Add some basic tests for when a token is blocked.

ashokdelphia · ashokdelphia · commit 29f66c1d4adf · 2021-01-27T16:45:29.000-05:00
I hope this is a reasonable place to put the tests, but happy to take any suggestions for a better place for them to live.
diff --git a/tests/models/test_blacklisted_token.py b/tests/models/test_blacklisted_token.py
@@ -0,0 +1,102 @@
+# -*- coding: utf-8 -*-
+
+from datetime import timedelta
+from django.utils import timezone
+
+import pytest
+
+from rest_framework_jwt.authentication import JSONWebTokenAuthentication
+from rest_framework_jwt.blacklist.models import BlacklistedToken
+from rest_framework_jwt.settings import api_settings
+
+import uuid
+
+
+@pytest.mark.parametrize(
+    'id_setting', ['require', 'include']
+)
+def test_token_is_blocked_by_id(user, monkeypatch, id_setting):
+    monkeypatch.setattr(api_settings, "JWT_TOKEN_ID", id_setting)
+    payload = JSONWebTokenAuthentication.jwt_create_payload(user)
+    token = JSONWebTokenAuthentication.jwt_encode_payload(payload)
+
+    expiration = timezone.now() + timedelta(days=1)
+    BlacklistedToken(
+        token_id=payload['jti'],
+        expires_at=expiration,
+        user=user,
+    ).save()
+
+    assert BlacklistedToken.is_blocked(token, payload) is True
+
+
+
+@pytest.mark.parametrize(
+    'id_setting', ['require', 'include']
+)
+def test_refreshed_token_is_blocked_by_original_id(user, call_auth_refresh_endpoint, monkeypatch, id_setting):
+    monkeypatch.setattr(api_settings, "JWT_TOKEN_ID", id_setting)
+    original_payload = JSONWebTokenAuthentication.jwt_create_payload(user)
+    original_token = JSONWebTokenAuthentication.jwt_encode_payload(original_payload)
+
+    refresh_response = call_auth_refresh_endpoint(original_token)
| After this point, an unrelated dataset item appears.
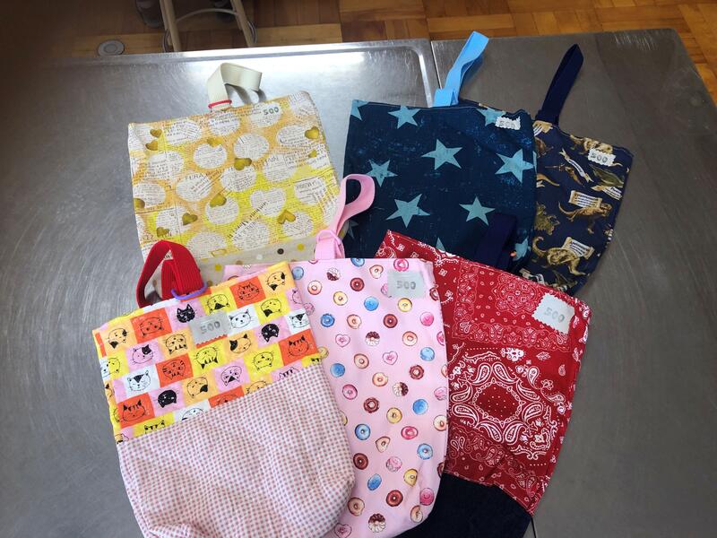 給食セットや道具袋、体操服袋、上履き袋、防災ズキンカバー、豊富な学用品を販売予定です!

+    refreshed_token = refresh_response.json()['token']
+    payload = JSONWebTokenAuthentication.jwt_decode_token(refreshed_token)
+
+    expiration = timezone.now() + timedelta(days=1)
+    BlacklistedToken(
+        token_id=original_payload['jti'],
+        expires_at=expiration,
+        user=user,
+    ).save()
+
+    assert BlacklistedToken.is_blocked(refreshed_token, payload) is True
+
+
+@pytest.mark.parametrize(
+    'id_setting', ['include', 'off']
+)
+def test_token_is_blocked_by_value(user, monkeypatch, id_setting):
+    monkeypatch.setattr(api_settings, "JWT_TOKEN_ID", id_setting)
+    payload = JSONWebTokenAuthentication.jwt_create_payload(user)
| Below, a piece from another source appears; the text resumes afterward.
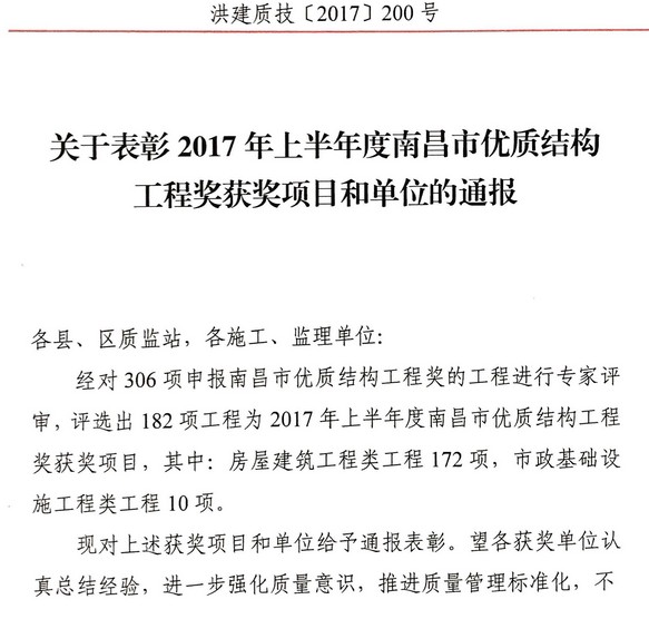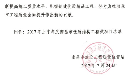 本報訊  由我公司承建的南昌市瑤湖郊野森林公園游客服務中心項目,在2017年度榮獲結構優良工程獎項。此次獲得的榮譽離不開中寧全體人員的共同努力,中寧在未來的發展中,也將秉承著“專業、優質”,不斷前行!

+    token = JSONWebTokenAuthentication.jwt_encode_payload(payload)
+
+    expiration = timezone.now() + timedelta(days=1)
+    BlacklistedToken(
+        token=token,
+        expires_at=expiration,
+        user=user,
+    ).save()
+
+    assert BlacklistedToken.is_blocked(token, payload) is True
+
+
+def test_token_is_not_blocked_by_value_when_ids_required(user, monkeypatch):
+    monkeypatch.setattr(api_settings, "JWT_TOKEN_ID", "require")
+    payload = JSONWebTokenAuthentication.jwt_create_payload(user)
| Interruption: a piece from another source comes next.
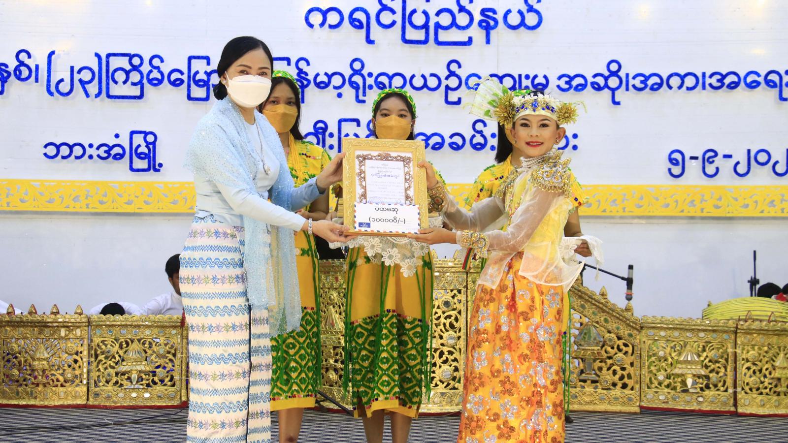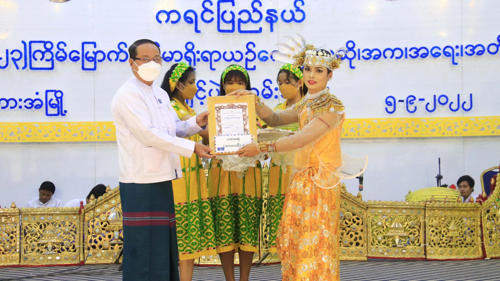 ဆုချီးမြှင့်ပွဲတွင် ကရင်ပြည်နယ်ဝန်ကြီးချုပ်ဦးစောမြင့်ဦးက မွန်ယိမ်းအက၊ ကဗျာလွတ်အက၊ အခြေခံပညာ (၁၅-၂၀)နှစ် အမျိုးသားအက၊ အမျိုးသမီးအက၊ အဆင့်မြင့်ပညာအမျိုးသားအက ပြိုင်ပွဲတို့တွင် ပထမဆုရရှိသူများ အားလည်းကောင်း၊ ပြည်နယ်ဝန်ကြီးချုပ်၏ ဇနီး ဒေါ်နန်းဘေဘီမြင့်က ဝါသနာရှင်ဒုတိယတန်းအမျိုးသားအက၊ အခြေခံပညာ(၁၀-၁၅)နှစ် အမျိုးသားအက၊ အမျိုးသမီးအက၊ခေတ်ဟောင်းကာလပေါ်(အဆို)ပြိုင်ပွဲတို့တွင် ပထမဆု ရရှိသူများကိုလည်းကောင်း၊ ပြည်နယ်တရားလွှတ်တော်တရားသူကြီးချုပ်ဒေါ်ခင်ဆွေထွန်းက အခြေခံပညာ(၁၀-၁၅)နှစ် အမျိုးသား/အမျိုးသမီး ခေတ်ဟောင်းကာလပေါ်(အဆို)၊ မဟာဂီတပြိုင်ပွဲတို့တွင် ပထမဆုရရှိသူများကို လည်းကောင်း၊ ပြည်နယ်အစိုးရအဖွဲ့ဝင်များနှင့် ၎င်းတို့၏ဇနီးများက ပြိုင်ပွဲတွင် ဒုတိယ၊ တတိယ၊ အထူးဆုနှင့် နှစ်သိမ့်ဆုရရှိသူများကိုလည်းကောင်း အသီးသီး ဆုများပေးအပ်ချီးမြှင့်ခဲ့ပြီး ကရင်ပြည်နယ် မြန်မာ့ရိုးရာယဉ်ကျေးမှု အဆို၊ အက၊ အရေး၊ အတီး ပြိုင်ပွဲကျင်းပရေးကော်မတီဥက္ကဋ္ဌ တိုင်းရင်းသားရေးရာဝန်ကြီးဦးစန်းကိုက ဒိုင်အဖွဲ့နှင့် အတီးပံ့ပိုးအဖွဲ့ဝင်များအား ဂုဏ်ပြုဆုများပေးအပ်ချီးမြှင့်သည်။

+    token = JSONWebTokenAuthentication.jwt_encode_payload(payload)
+
+    expiration = timezone.now() + timedelta(days=1)
+    BlacklistedToken(
+        token=token,
+        expires_at=expiration,
+        user=user,
+    ).save()
+
+    assert BlacklistedToken.is_blocked(token, payload) is False
+
+
+def test_token_is_not_blocked_by_id_when_ids_disabled(user, monkeypatch):
+    monkeypatch.setattr(api_settings, "JWT_TOKEN_ID", "off")
+    payload = JSONWebTokenAuthentication.jwt_create_payload(user)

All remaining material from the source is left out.